Deep Language Models (DLMs) provide a novel computational paradigm for understanding the mechanisms of natural language processing in the human brain. Unlike traditional psycholinguistic models, DLMs use layered sequences of continuous numerical vectors to represent words and context, allowing a plethora of emerging applications such as human-like text generation. In this paper we show evidence that the layered hierarchy of DLMs may be used to model the temporal dynamics of language comprehension in the brain by demonstrating a strong correlation between DLM layer depth and the time at which layers are most predictive of the human brain. Our ability to temporally resolve individual layers benefits from our use of electrocorticography (ECoG) data, which has a much higher temporal resolution than noninvasive methods like fMRI. Using ECoG, we record neural activity from participants listening to a 30-minute narrative while also feeding the same narrative to a high-performing DLM (GPT2-XL). We then extract contextual embeddings from the different layers of the DLM and use linear encoding models to predict neural activity. We first focus on the Inferior Frontal Gyrus (IFG, or Broca's area) and then extend our model to track the increasing temporal receptive window along the linguistic processing hierarchy from auditory to syntactic and semantic areas. Our results reveal a connection between human language processing and DLMs, with the DLM's layer-by-layer accumulation of contextual information mirroring the timing of neural activity in high-order language areas.
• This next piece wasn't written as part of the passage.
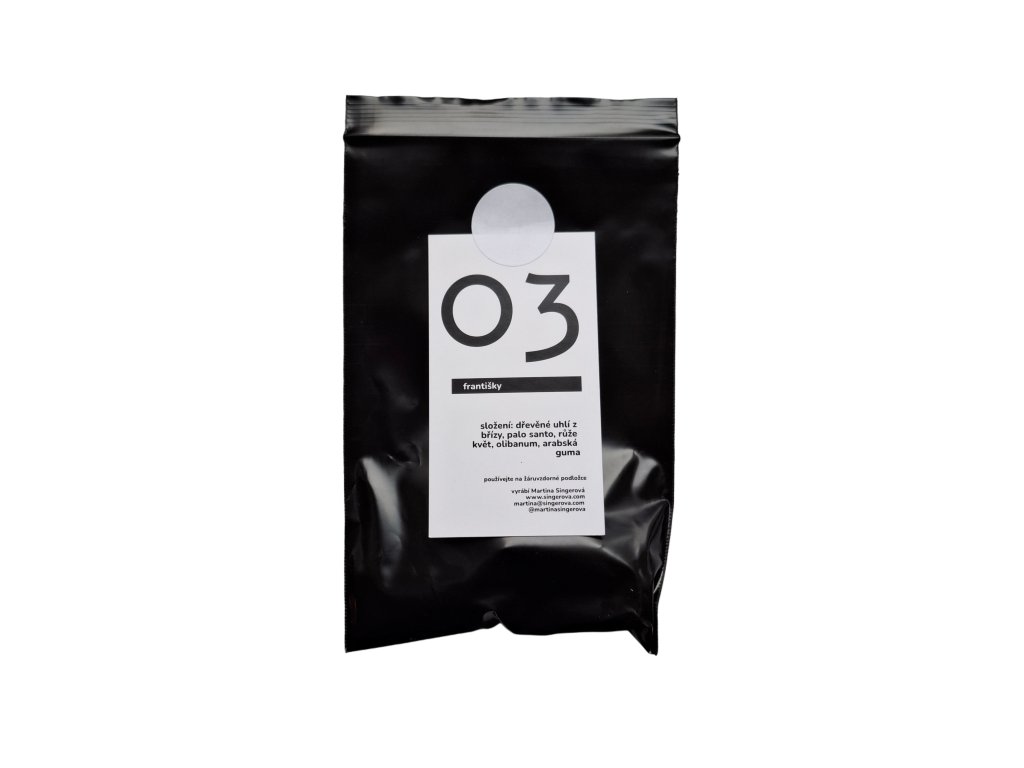 Originální kolekce františků propojuje tradiční ingredience, například kadidlo, s méně obvyklými složkami, jako je jantar. Základem je kvalitní březové dřevěné uhlí z lokálních zdrojů, které při hoření nekouří. Stejná pozornost je věnována i výběru vonných komponentů – mnohé z nich pocházejí rovněž z místního prostředí. V balení je 6 františků a hoří přibližně 20 minut.

翻译：深度语言模型（DLMs）为理解人脑自然语言处理机制提供了新的计算范式。与传统心理语言学模型不同，DLMs 使用连续数值向量的分层序列来表示词汇和上下文，从而推动了类人文本生成等众多新兴应用。本文通过证明DLM层深度与各层预测人脑活动的时间点之间的强相关性，揭示DLM的层级层次可用于建模大脑语言理解的时间动态。我们之所以能够实现单层时间解析，得益于采用具有比fMRI等无创方法更高时间分辨率的皮层脑电图（ECoG）数据。实验通过ECoG记录受试者聆听30分钟叙事时的神经活动，同时将同一叙事输入高性能DLM（GPT2-XL）。接着，我们从DLM不同层提取上下文嵌入，并利用线性编码模型预测神经活动。研究首先聚焦于额下回（IFG，即布罗卡区），随后扩展模型以追踪从听觉区域到句法和语义区域的言语处理层级中逐渐扩大的时间接收野。我们的结果揭示了人类语言处理与DLM之间的联系：DLM逐层积累上下文信息的方式，与高级语言区域中神经活动的时间特征相呼应。